Interesting points Rom, I always though that aggregating in memory was less efficient than doing a separate retrieve, but based on your remarks I did some test and actual the opposite is true. Doing a count on a list of about 3700 objects that is already in memory takes 0 ms, doing a sum or average takes 4 ms, this does not weigh up to doing an additional retrieve, so indeed my 'optimization’ is actually doing the opposites. That does indeed render my use case invalid.
I also agree it's difficult to find other actual use cases, but I also cannot think of a reason why Mendix should not support this.
@Bart: see, that’s not a proper use case: lists in Java have their size as an attribute (and so List.size() is an O(1) operation, see e.g. https://stackoverflow.com/questions/6540511/time-complexity-for-java-arraylist )and therefore your ‘optimization’ is actually not an optimization, since your call requires database interaction.
And summing: if you’re batching, I can’t really see the use case for summing. Still, you’re probably using the list, and might as well sum in memory, it’s not horribly inefficient.
@Rom: one use case (where I encountered the ‘bug’ in the first place, is when doing batch processing, I do a count of the number of items in each iteration.

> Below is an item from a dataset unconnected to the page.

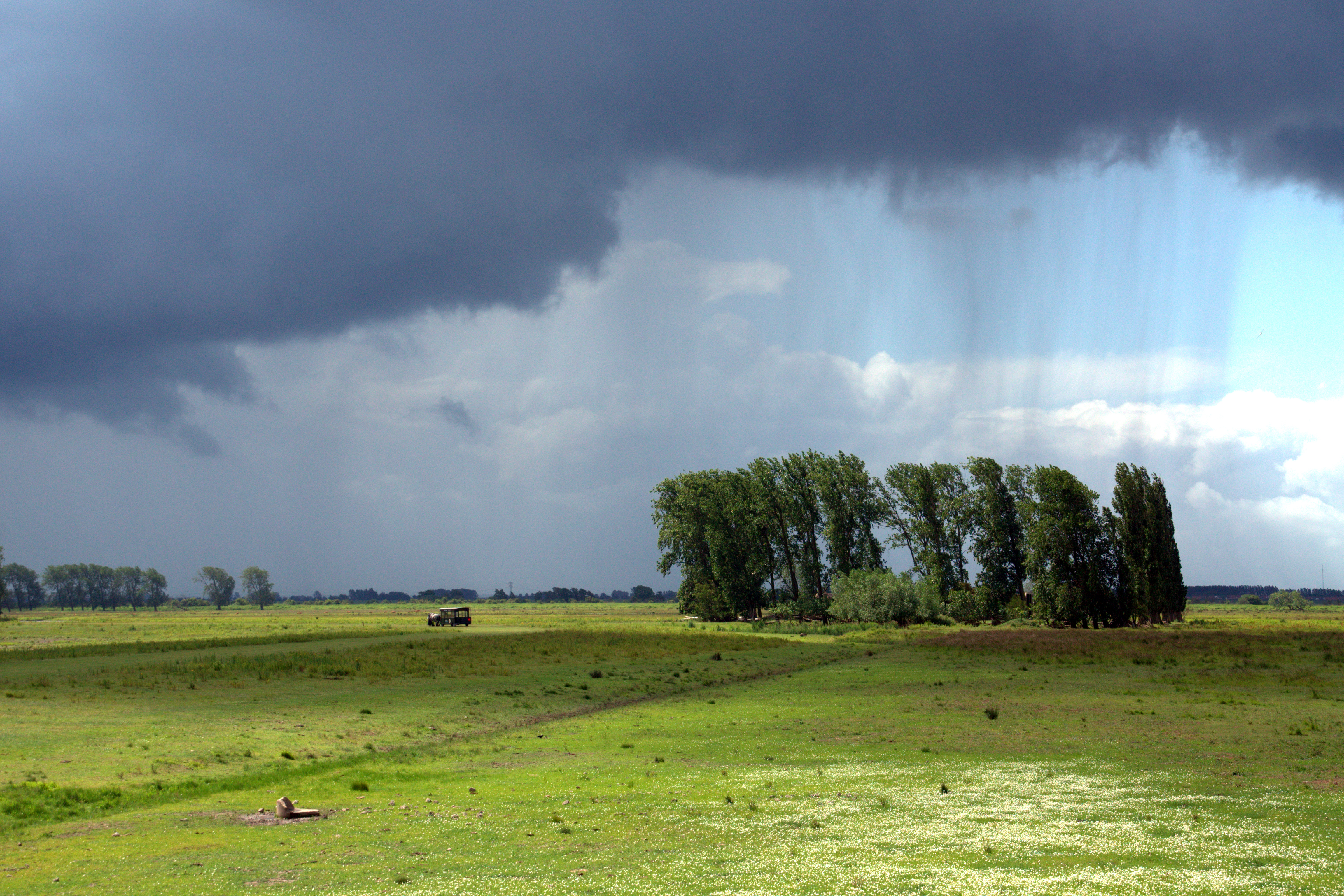 Dark clouds with rain coming in over a grove of trees in Tiengemeten, Zuid-Holland, the Netherlands.

To make use of this optimalization I did 2 retrieves: one for the count, and one for the actual processing, because a separate retrieve with aggregate should be more efficient.
But another use case I can think of is when you want to do a sum of the first x records for example.
What is the use case to do just a count on a subset of a table? Whenever I retrieve something with a limit (and optionally offset), I *do* something with the list besides counting.
To me, it also seems to be a bug. But if they think that it’s a feature, you have my upvote to change it. :-)
Would definitely like this.